> [Material to process]:
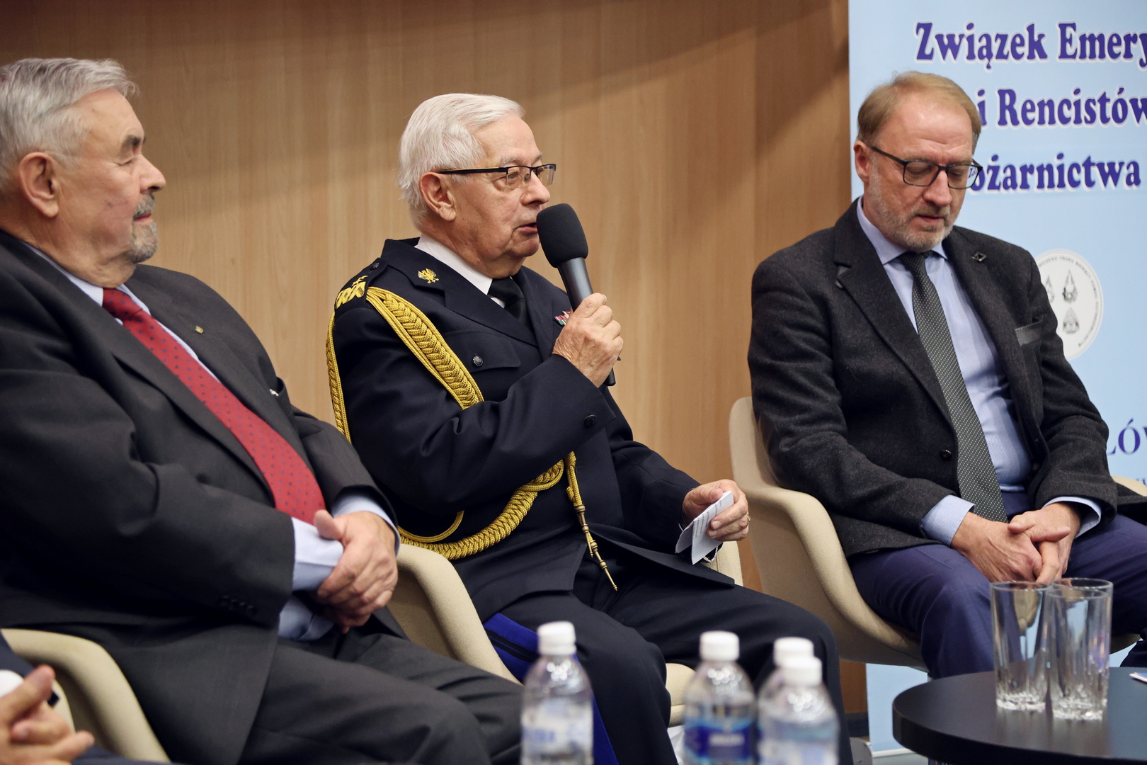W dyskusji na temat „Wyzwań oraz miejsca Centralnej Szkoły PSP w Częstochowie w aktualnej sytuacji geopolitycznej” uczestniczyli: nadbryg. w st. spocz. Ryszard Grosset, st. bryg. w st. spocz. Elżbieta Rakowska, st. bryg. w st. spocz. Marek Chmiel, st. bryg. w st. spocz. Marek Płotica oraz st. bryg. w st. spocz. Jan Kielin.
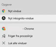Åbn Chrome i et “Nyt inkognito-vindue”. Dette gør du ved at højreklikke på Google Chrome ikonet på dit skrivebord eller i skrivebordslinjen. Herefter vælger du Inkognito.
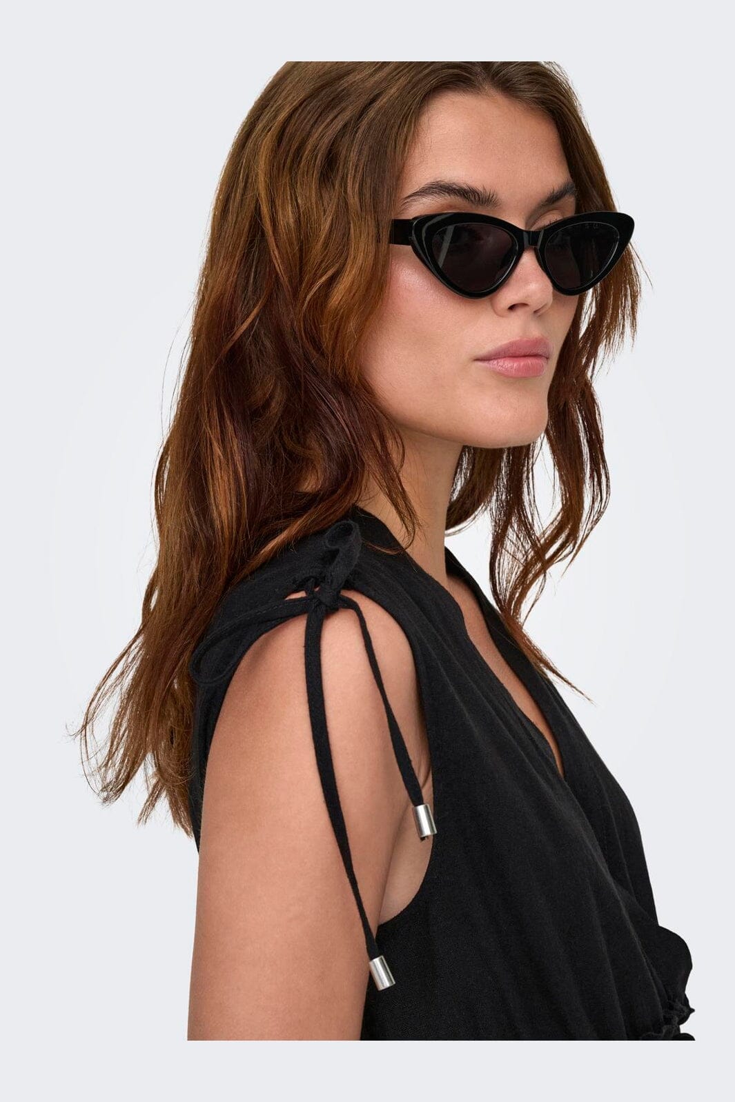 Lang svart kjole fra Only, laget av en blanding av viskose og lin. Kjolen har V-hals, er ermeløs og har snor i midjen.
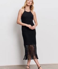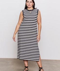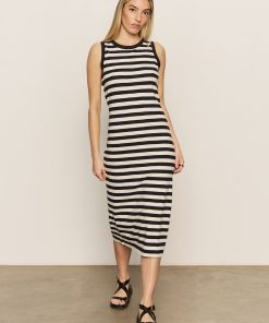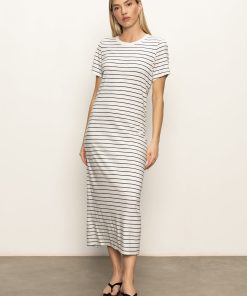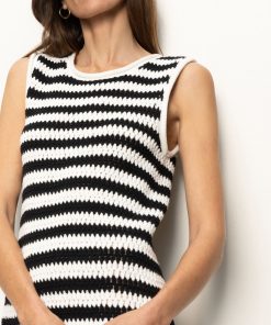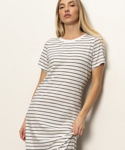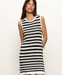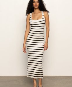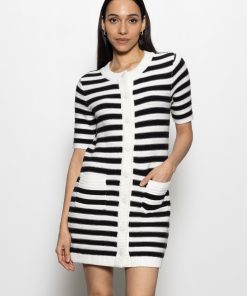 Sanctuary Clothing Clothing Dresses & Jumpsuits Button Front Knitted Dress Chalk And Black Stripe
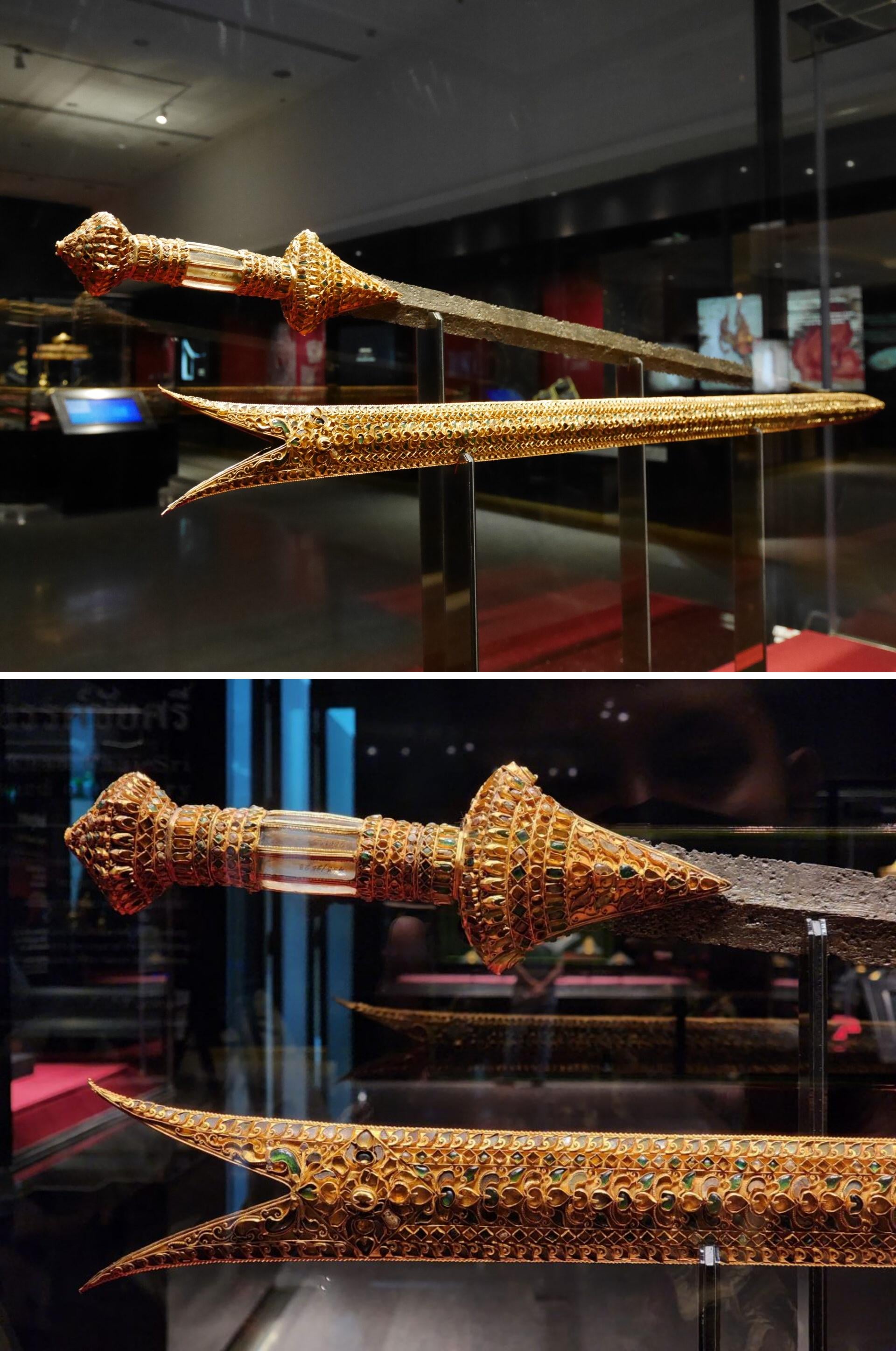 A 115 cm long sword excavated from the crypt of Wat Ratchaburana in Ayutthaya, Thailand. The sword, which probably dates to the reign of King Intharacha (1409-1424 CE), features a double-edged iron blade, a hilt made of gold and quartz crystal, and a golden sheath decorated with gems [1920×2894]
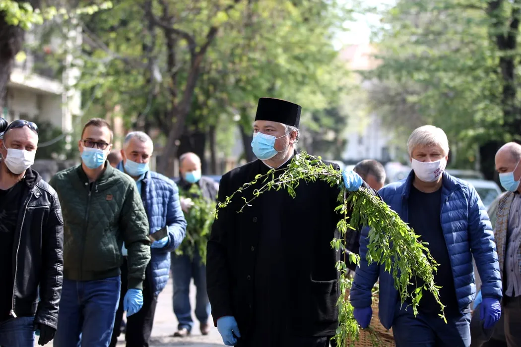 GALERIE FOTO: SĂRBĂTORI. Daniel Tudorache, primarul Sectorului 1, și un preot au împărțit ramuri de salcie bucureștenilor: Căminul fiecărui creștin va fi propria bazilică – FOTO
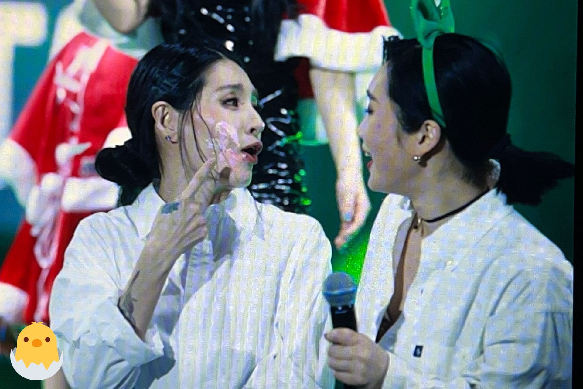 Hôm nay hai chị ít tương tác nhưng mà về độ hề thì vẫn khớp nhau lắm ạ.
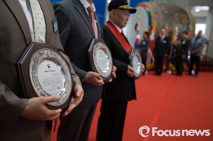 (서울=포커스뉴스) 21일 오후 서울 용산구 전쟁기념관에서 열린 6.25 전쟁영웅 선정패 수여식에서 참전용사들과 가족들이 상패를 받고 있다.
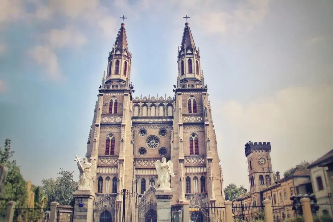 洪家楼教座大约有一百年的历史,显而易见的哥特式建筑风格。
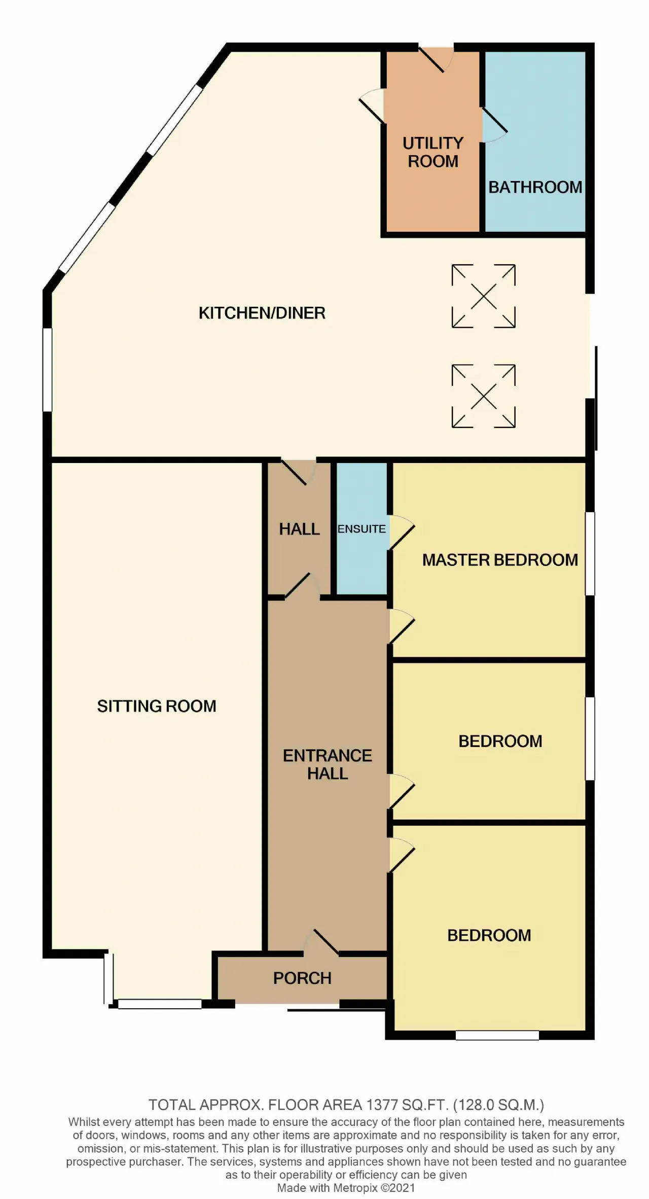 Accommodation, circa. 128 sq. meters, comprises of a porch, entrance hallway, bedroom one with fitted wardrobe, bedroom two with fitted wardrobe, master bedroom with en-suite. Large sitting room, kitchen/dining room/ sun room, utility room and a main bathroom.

> [Problem description]: Output exactly the lines from the line with "GALERIE FOTO: SĂRBĂTORI." to the last line of the records, including both, and leave every picture out.

> [Reply]:
 GALERIE FOTO: SĂRBĂTORI. Daniel Tudorache, primarul Sectorului 1, și un preot au împărțit ramuri de salcie bucureștenilor: Căminul fiecărui creștin va fi propria bazilică – FOTO
 Hôm nay hai chị ít tương tác nhưng mà về độ hề thì vẫn khớp nhau lắm ạ.
 (서울=포커스뉴스) 21일 오후 서울 용산구 전쟁기념관에서 열린 6.25 전쟁영웅 선정패 수여식에서 참전용사들과 가족들이 상패를 받고 있다.
 洪家楼教座大约有一百年的历史,显而易见的哥特式建筑风格。
 Accommodation, circa. 128 sq. meters, comprises of a porch, entrance hallway, bedroom one with fitted wardrobe, bedroom two with fitted wardrobe, master bedroom with en-suite. Large sitting room, kitchen/dining room/ sun room, utility room and a main bathroom.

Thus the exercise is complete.